What is being asked. Print only the lines below from the one with "Find the Merchant" to the one with "Menüleiste: Beiträge >", both included, exactly as they stand. Leave pictures out.
++++ Data to process
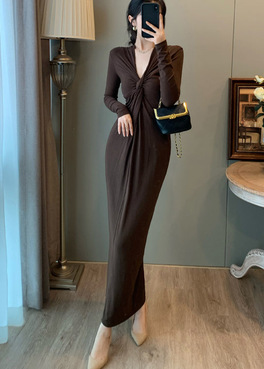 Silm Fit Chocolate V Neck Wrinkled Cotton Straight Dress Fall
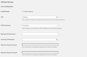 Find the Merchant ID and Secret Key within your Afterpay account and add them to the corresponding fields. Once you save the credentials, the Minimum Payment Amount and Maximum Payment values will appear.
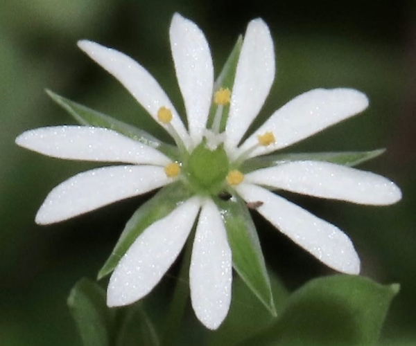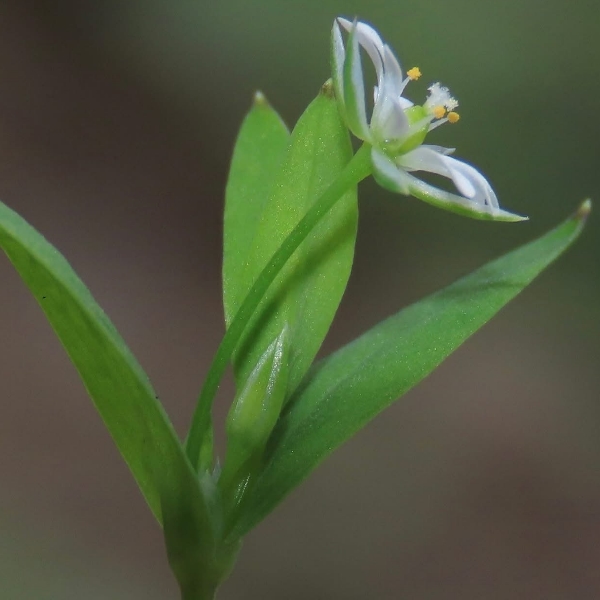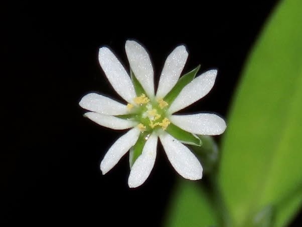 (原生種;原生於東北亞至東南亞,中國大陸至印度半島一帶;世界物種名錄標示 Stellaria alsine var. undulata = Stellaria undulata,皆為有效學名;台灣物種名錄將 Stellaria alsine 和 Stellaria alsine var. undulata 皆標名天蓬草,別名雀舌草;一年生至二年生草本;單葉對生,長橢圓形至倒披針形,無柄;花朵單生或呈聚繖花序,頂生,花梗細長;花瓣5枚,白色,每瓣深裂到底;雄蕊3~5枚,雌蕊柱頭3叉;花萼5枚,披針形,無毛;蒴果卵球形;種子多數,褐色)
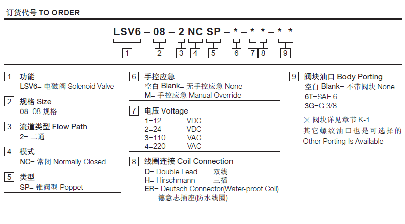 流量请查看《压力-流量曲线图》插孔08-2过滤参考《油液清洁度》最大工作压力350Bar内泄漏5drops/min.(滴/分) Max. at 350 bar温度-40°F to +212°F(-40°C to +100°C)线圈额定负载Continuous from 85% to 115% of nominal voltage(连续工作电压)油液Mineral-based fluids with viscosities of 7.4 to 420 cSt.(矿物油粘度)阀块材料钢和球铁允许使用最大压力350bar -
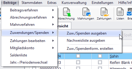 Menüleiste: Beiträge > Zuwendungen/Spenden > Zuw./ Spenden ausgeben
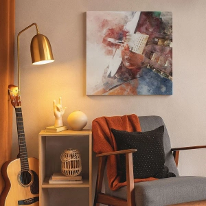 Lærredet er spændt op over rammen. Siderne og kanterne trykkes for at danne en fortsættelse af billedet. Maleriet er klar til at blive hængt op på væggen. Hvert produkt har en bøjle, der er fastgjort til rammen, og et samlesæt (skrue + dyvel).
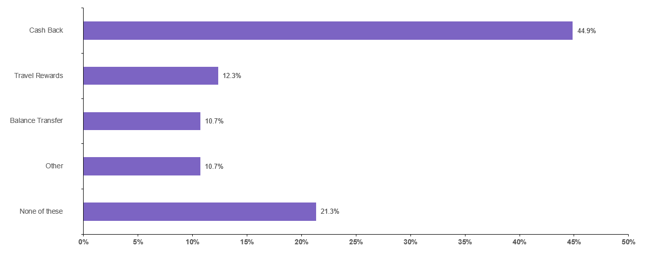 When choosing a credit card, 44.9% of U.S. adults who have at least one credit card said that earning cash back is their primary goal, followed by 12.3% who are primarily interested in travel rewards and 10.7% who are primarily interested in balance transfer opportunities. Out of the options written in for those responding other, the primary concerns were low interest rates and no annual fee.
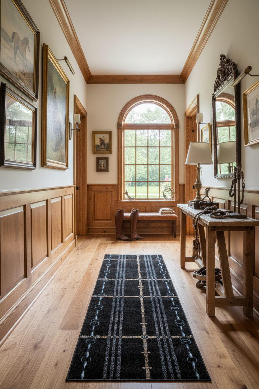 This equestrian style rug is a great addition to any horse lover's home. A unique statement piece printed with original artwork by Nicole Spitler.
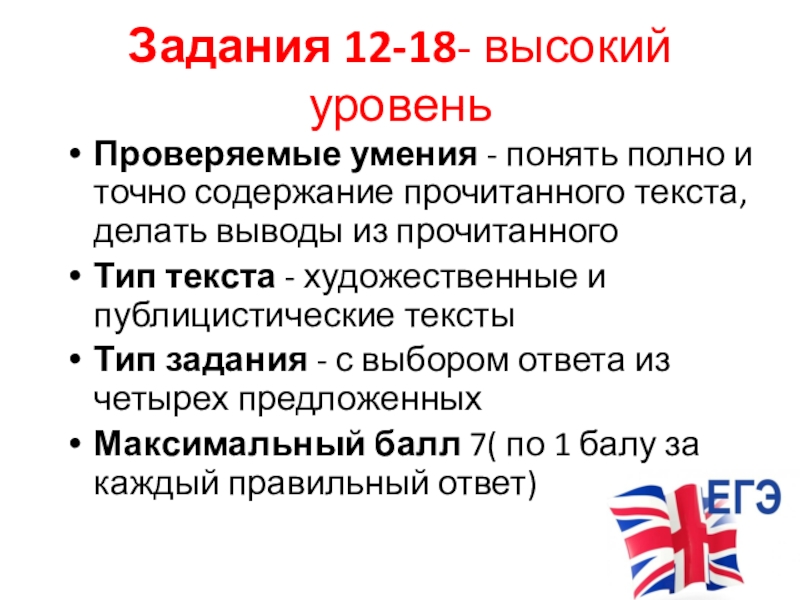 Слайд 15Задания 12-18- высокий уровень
++++++++
Your solution.
 Find the Merchant ID and Secret Key within your Afterpay account and add them to the corresponding fields. Once you save the credentials, the Minimum Payment Amount and Maximum Payment values will appear.
 (原生種;原生於東北亞至東南亞,中國大陸至印度半島一帶;世界物種名錄標示 Stellaria alsine var. undulata = Stellaria undulata,皆為有效學名;台灣物種名錄將 Stellaria alsine 和 Stellaria alsine var. undulata 皆標名天蓬草,別名雀舌草;一年生至二年生草本;單葉對生,長橢圓形至倒披針形,無柄;花朵單生或呈聚繖花序,頂生,花梗細長;花瓣5枚,白色,每瓣深裂到底;雄蕊3~5枚,雌蕊柱頭3叉;花萼5枚,披針形,無毛;蒴果卵球形;種子多數,褐色)
 流量请查看《压力-流量曲线图》插孔08-2过滤参考《油液清洁度》最大工作压力350Bar内泄漏5drops/min.(滴/分) Max. at 350 bar温度-40°F to +212°F(-40°C to +100°C)线圈额定负载Continuous from 85% to 115% of nominal voltage(连续工作电压)油液Mineral-based fluids with viscosities of 7.4 to 420 cSt.(矿物油粘度)阀块材料钢和球铁允许使用最大压力350bar -
 Menüleiste: Beiträge > Zuwendungen/Spenden > Zuw./ Spenden ausgeben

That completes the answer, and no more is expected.